I don’t quite get the point. Does that mean that she or he is more or less qualified to endorse whatever product is being hawked? My suspicion is that the reason bad actors get this job is because they are more convincing about pretending to be qualified to dispense medical advice than actual doctors.
I wonder about this because, in my excursions across the Internet, I’ve found that the old time medicine show, snake oil salespersons of days gone by, have not disappeared. They merely evolved into rather sophisticated website profiteers.
Whatever ails you, you can probably find some dot.com site selling a remedy.
Looking to restore your youthful vim and vigor? Hormone replacement therapy pills are available at various online markets. Does your colon or digestive system need cleansing? No problem: Just Google a search and you’ll find several sites that promise emetic natural healing methods and services. What about magnetic therapy, or distance healing, or something called vitamin O? There are many online sites willing to help with all of the above — just give them your credit card number.
There is even my personal favorite, which sells mail-order, do-it-yourself laser eye surgery kits. OK. Sure, some of these sites are hoaxes (and that, too, is objectionable), but most will gladly take your money.
What to do about this? Probably, nothing. After all, the glory as well as the peril in the Internet is that it is mostly unregulated.
Quacks do a careful job of walking the line between making their products seem miraculous while avoiding unsupportable claims.
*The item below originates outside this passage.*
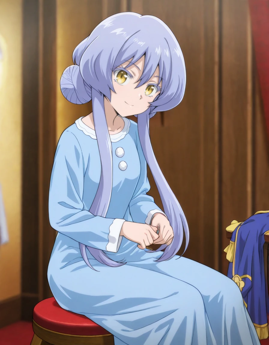 short hair, double bun, pajamas, blue dress, long sleeves, long dress, blue footwearOutfit - School Uniform

Note, for example, how many of these sites contain small print disclaimers followed by glowing testimonials from satisfied customers, instead of references to actual clinical literature.
I’m always stunned, though, when people who wouldn’t buy a coffee maker without first checking its consumer report will nonetheless gratefully give up their credit card numbers for any nostrum that promises to soothe an irritated bowel or stifle acid reflux. This phenomenon says a lot about dissatisfaction with the health care profession.
Whom can you trust, anyway? According to a recent study in the British Medical Journal (“Prescribing Placebo Treatments: Results of a National Survey of U.S. Internists and Rheumatologists”) between 46 percent and 58 percent of surveyed American physicians admit to having prescribed placebo to their patients.
Why? Presumably, just to placate them.
Another study in the Journal of the American Medical Association (“Contraindicated and Initially Stronger Effects in Highly Cited Literature”) found that 32 percent of a sample of major biomedical studies got different results than initially reported, 44 percent were replicated, and 24 percent went unchallenged. There may be good reasons for prescribing a placebo, and for why so many studies are never verified, but as a patient and not a lab rat, I’d like to hear them.
There is a concept that you might have heard physicians (including TV doctors) talk about called evidence based medicine. I interpret that to mean that treatments and prescriptions should be given according to what science and clinical experience has proven to work. (Does that include placebo?)
To me, that just makes common sense, but it also provides a standard — a kind of Occam’s razor tool — against which to separate the claims of the quacks from those of the Nobel Prize winners.
In classes and workshops that I’ve taught on health information literacy, I always stress that patients should demand that they be shown the science. Even when the person prescribing the medicine is a real physician, instead of some website witch doctor, don’t be afraid to ask what the biomedical literature says about their recommendation. It takes more time and may require translation, but it is more reliable than faith healing.
But, then, what do I know: I am not a doctor, and I can’t even qualify as one who pretends to be on TV.